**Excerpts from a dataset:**
┄┄┄┄┄┄┄┄┄┄
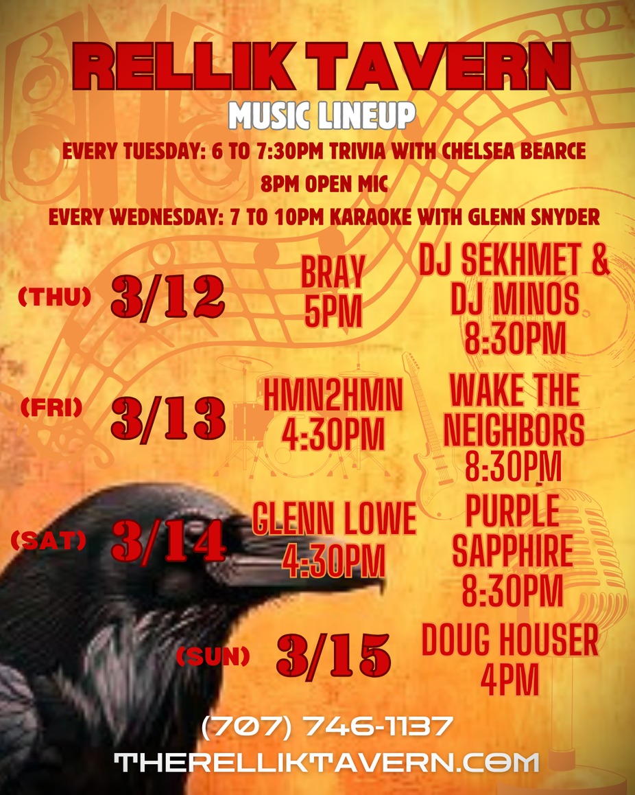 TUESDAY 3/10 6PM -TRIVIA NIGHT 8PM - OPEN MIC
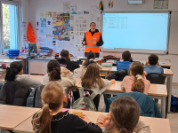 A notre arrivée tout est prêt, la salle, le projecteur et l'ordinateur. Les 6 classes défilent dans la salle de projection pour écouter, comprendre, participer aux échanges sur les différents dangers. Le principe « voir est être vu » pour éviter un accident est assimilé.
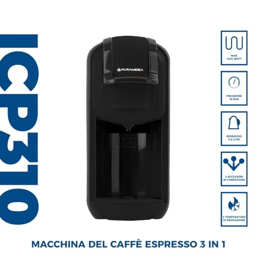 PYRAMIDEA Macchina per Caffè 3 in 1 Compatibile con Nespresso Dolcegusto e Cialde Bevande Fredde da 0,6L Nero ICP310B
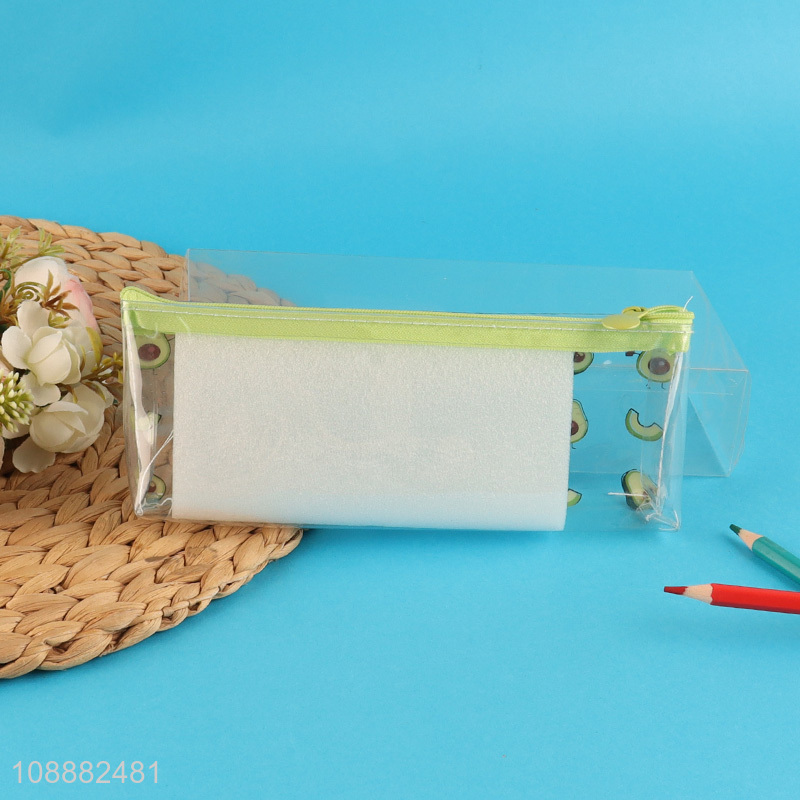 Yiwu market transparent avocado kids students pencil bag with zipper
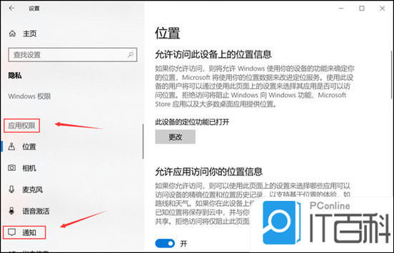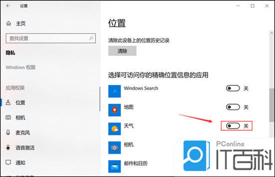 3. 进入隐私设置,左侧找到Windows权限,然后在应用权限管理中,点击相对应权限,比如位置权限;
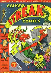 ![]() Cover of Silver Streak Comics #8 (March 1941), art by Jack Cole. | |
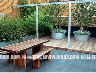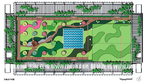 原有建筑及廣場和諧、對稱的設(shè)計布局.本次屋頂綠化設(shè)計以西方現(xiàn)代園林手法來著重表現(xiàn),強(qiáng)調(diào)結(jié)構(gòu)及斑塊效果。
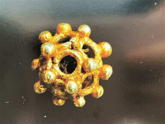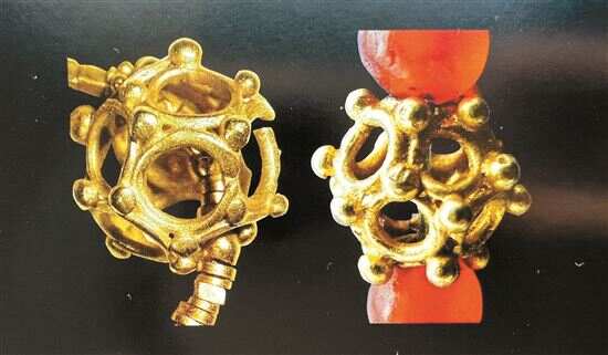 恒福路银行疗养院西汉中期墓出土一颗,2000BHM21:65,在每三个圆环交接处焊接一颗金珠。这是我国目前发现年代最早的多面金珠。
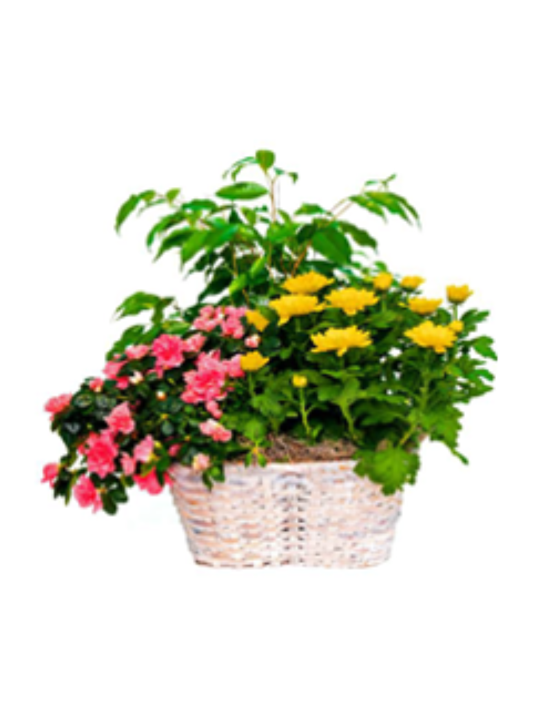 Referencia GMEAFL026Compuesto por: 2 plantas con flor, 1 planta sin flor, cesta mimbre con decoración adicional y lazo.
┄┄┄┄┄┄┄┄┄┄
**Aim of the task:** The line containing "3. 进入隐私设置,左侧找到" marks where the copy ends; print every line before it from the start of the records, and that line too, but no pictures.

**Result for this task:**
 TUESDAY 3/10 6PM -TRIVIA NIGHT 8PM - OPEN MIC
 A notre arrivée tout est prêt, la salle, le projecteur et l'ordinateur. Les 6 classes défilent dans la salle de projection pour écouter, comprendre, participer aux échanges sur les différents dangers. Le principe « voir est être vu » pour éviter un accident est assimilé.
 PYRAMIDEA Macchina per Caffè 3 in 1 Compatibile con Nespresso Dolcegusto e Cialde Bevande Fredde da 0,6L Nero ICP310B
 Yiwu market transparent avocado kids students pencil bag with zipper
 3. 进入隐私设置,左侧找到Windows权限,然后在应用权限管理中,点击相对应权限,比如位置权限;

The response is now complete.